Abstract
Introduction: Children with sickle cell anemia (SCA) often develop cerebral vasculopathy early in life. Vascular injury is manifested by stroke, silent cerebral infarcts (SCI), arterial stenosis and elevated arterial flow velocity measured by transcranial doppler ultrasound (TCD). We had previously reported infarct frequency of 68% in a cross-sectional Ugandan SCA sample who were largely untreated with hydroxyurea (HU) or other disease-modifying therapy. Here we present prospective MRI-MRA imaging results from our recent HU trial, BRAIN SAFE-II, with a new sample of participants ages 3-9 years. To our knowledge, no prospective studies of MRI imaging has been reported for children with SCA on HU therapy in sub-Saharan Africa.
Methods: Our HU open-label, single-arm, dose-escalated 30-month HU trial of Ugandan children were enrolled at ages 3-9 years. Ethical considerations precluded trial randomization. Enrollment criteria included no more than a total of 6 months of prior HU treatment and a lack of previous stroke by history and stroke-focused neurological examination. TCD determined time-averaged mean velocity (TAMV) using the STOP criteria (excluding basilar artery). A randomly selected trial subset of 89 children, age 5 years or older (to limit sedation use), underwent prospective MRI-MRA imaging by a 1.5T scanner at trial entry and completion. Cerebral infarcts and vascular stenoses were gauged using the SWiTCH trial criteria, modified by the Silent Infarct Transfusion (SIT) Trial. MR imaging was independently reviewed by each of 2 neuro-radiologists, with adjudication of differences performed by joint review. Data were analyzed by ANOVA for continuous and Chi squared for categorical data.
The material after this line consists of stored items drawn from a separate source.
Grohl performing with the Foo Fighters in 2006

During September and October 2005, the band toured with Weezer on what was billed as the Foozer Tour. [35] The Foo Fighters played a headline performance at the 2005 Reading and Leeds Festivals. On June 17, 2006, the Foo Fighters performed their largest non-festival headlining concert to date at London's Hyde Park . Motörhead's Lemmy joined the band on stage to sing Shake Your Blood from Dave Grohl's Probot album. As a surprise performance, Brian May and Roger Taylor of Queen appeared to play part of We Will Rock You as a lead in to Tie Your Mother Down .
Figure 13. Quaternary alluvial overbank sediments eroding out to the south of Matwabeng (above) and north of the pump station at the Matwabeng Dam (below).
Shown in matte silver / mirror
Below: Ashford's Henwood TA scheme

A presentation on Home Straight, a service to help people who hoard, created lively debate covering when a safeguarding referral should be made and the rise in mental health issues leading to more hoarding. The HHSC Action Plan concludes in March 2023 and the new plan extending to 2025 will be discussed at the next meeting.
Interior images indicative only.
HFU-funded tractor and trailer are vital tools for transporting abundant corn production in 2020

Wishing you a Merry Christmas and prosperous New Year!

Results: At trial entry, mean age of the imaged subset (N=89) was 6.6±1.4 years, 46.1% male. Initial mean values were Hb 7.8±1.1g/dL, HbF 10.3±7.7%, O2 saturation 95.4±3.2% and systolic BP 105.0±11.3mm Hg. Mean TAMV was 150.1±31.4cm/sec, with 7 (7.9%) abnormal and 11 (12.4%) conditional TAMV. Six (6.7%) children of the 89 had 1 or more arterial stenosis; each of those had 1 infarct. Overall, 62 (69.7%) participants had 1-3 SCI, mean age 6.6±1.5 and 29 (46.8%) male. This subset included all of those with an abnormal TCD and all but 1 with conditional. Children with SCI had marginally higher TAMV: 155.1±33.4 vs. 137.0±21.9cm/sec (p=0.06) compared to those without SCI. Initial trial HU dose of 20.2±0.9mg/kg was escalated to 25.9±2.7, per standard CBC criteria.
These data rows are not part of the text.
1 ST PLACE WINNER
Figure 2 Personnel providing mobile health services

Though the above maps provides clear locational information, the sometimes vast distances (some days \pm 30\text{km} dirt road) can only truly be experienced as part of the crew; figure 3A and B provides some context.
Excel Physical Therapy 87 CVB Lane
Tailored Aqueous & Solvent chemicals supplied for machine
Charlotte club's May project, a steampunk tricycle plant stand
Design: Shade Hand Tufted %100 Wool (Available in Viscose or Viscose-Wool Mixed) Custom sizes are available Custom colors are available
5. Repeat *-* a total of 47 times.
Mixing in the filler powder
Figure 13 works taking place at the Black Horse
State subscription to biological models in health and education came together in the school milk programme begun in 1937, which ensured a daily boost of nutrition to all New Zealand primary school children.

At trial completion, 6 participants could not be re-imaged: 4 had reached a premature trial endpoint of stroke (3) or death (1) and 2 declined study continuation. Of the 83 re-imaged, 1 (1.2%) had abnormal TCD and 8 (9.6%) had conditional. Of the 27 without initial SCI, none acquired any MRI-MRA abnormalities. In contrast, 8 (12.9%) of the 62 with prior infarcts developed additional SCI over 30 months; 6 of these 8 also had vascular stenosis at trial entry. SCI progression was associated with lower TCD at trial completion: 113.6±11.0 vs. 136.0±27.1 cm/sec (p=0.027). Of the 62 pre-existing infarctsr and e-imaged, SCI progression with HU therapy was estimated at 3.6 per 100 patient trial years, demonstrating relatively modest evolution.
Conclusions: At trial entry, the SCI prevalence in this sample of Ugandan children confirmed our prior findings of very high burden of cerebral vasculopathy. At trial completion, no participant with normal imaging at entry developed new infarcts or stenosis. This finding was associated with lower TCD but no other key clinical factors examined. Their lack of progression without pre-existing vascular injury is consistent with U.S. reports of HU prevention of SCI if treatment is initiated in young children without pre-existing SCI. For those with infarct(s) at trial entry, re-imaging demonstrated modest SCI progression despite HU therapy. SCI progression with lower TCD TAMV suggests that cerebrovascular architecture may eventually shift towards impaired blood flow or even neovascularization. On ethical grounds, we were unable to conduct a randomized, controlled trial to directly compare MRI effects of SCA with HU therapy over time. Our findings add to the existing literature demonstrating that early HU initiation protects children from SCA-associated brain injury and contributes unique insights into the impact of HU therapy in sub-Saharan Africa children.